- The problem -
Excluding all pictures, please output the listing exactly.

- Given data -
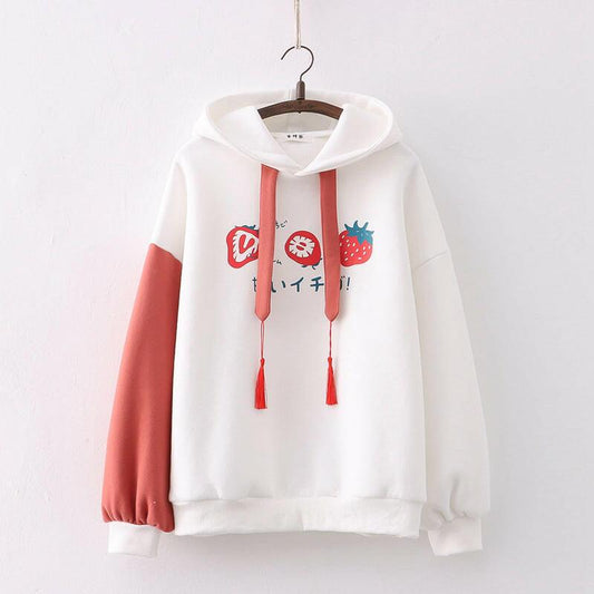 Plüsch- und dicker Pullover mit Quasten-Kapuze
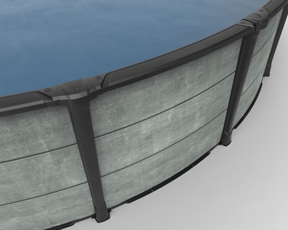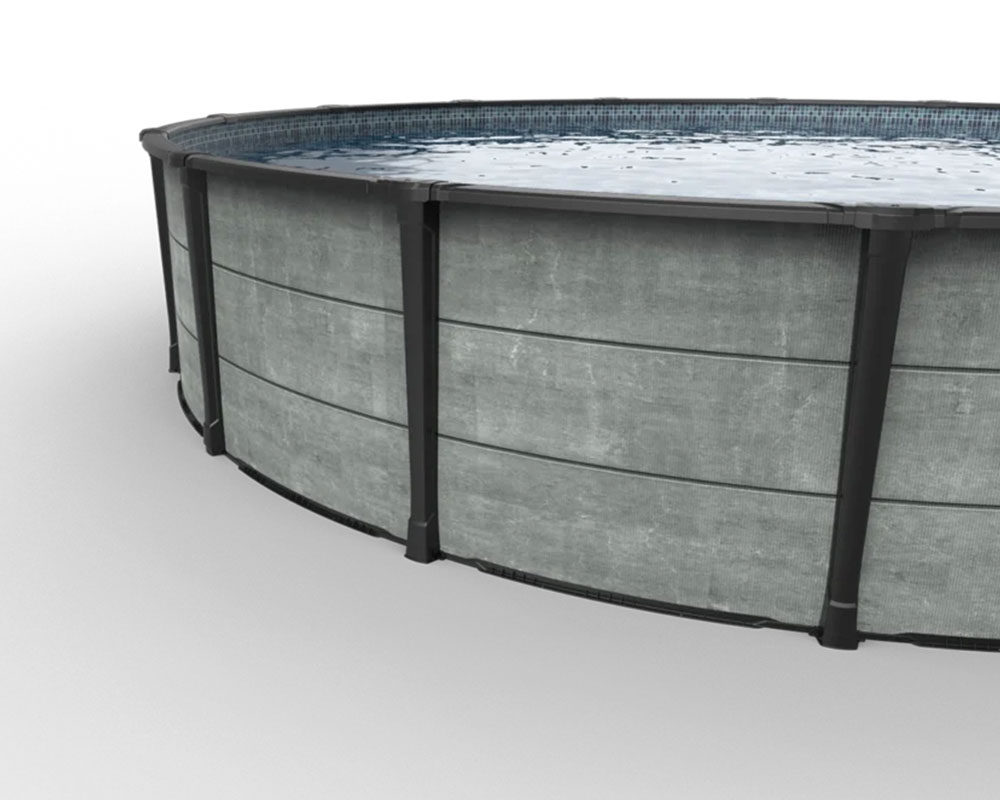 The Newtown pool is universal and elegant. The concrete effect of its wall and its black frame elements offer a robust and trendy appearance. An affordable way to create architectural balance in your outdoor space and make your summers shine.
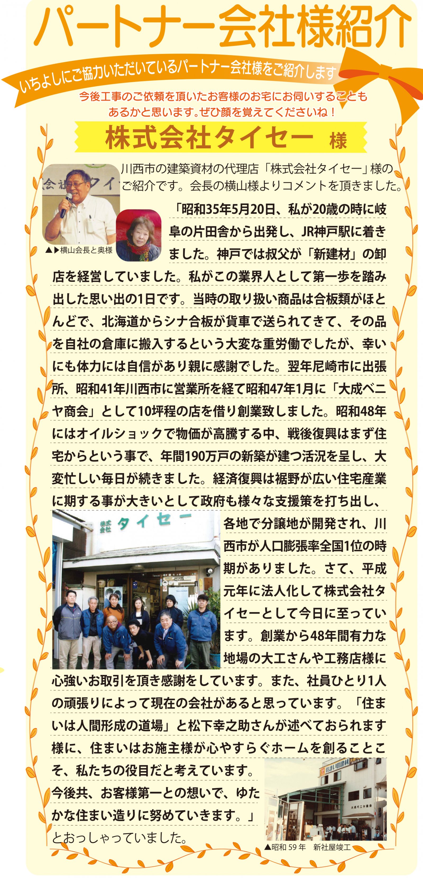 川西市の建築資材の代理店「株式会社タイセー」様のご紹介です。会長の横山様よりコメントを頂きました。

- Answer box -
 Plüsch- und dicker Pullover mit Quasten-Kapuze
 The Newtown pool is universal and elegant. The concrete effect of its wall and its black frame elements offer a robust and trendy appearance. An affordable way to create architectural balance in your outdoor space and make your summers shine.
 川西市の建築資材の代理店「株式会社タイセー」様のご紹介です。会長の横山様よりコメントを頂きました。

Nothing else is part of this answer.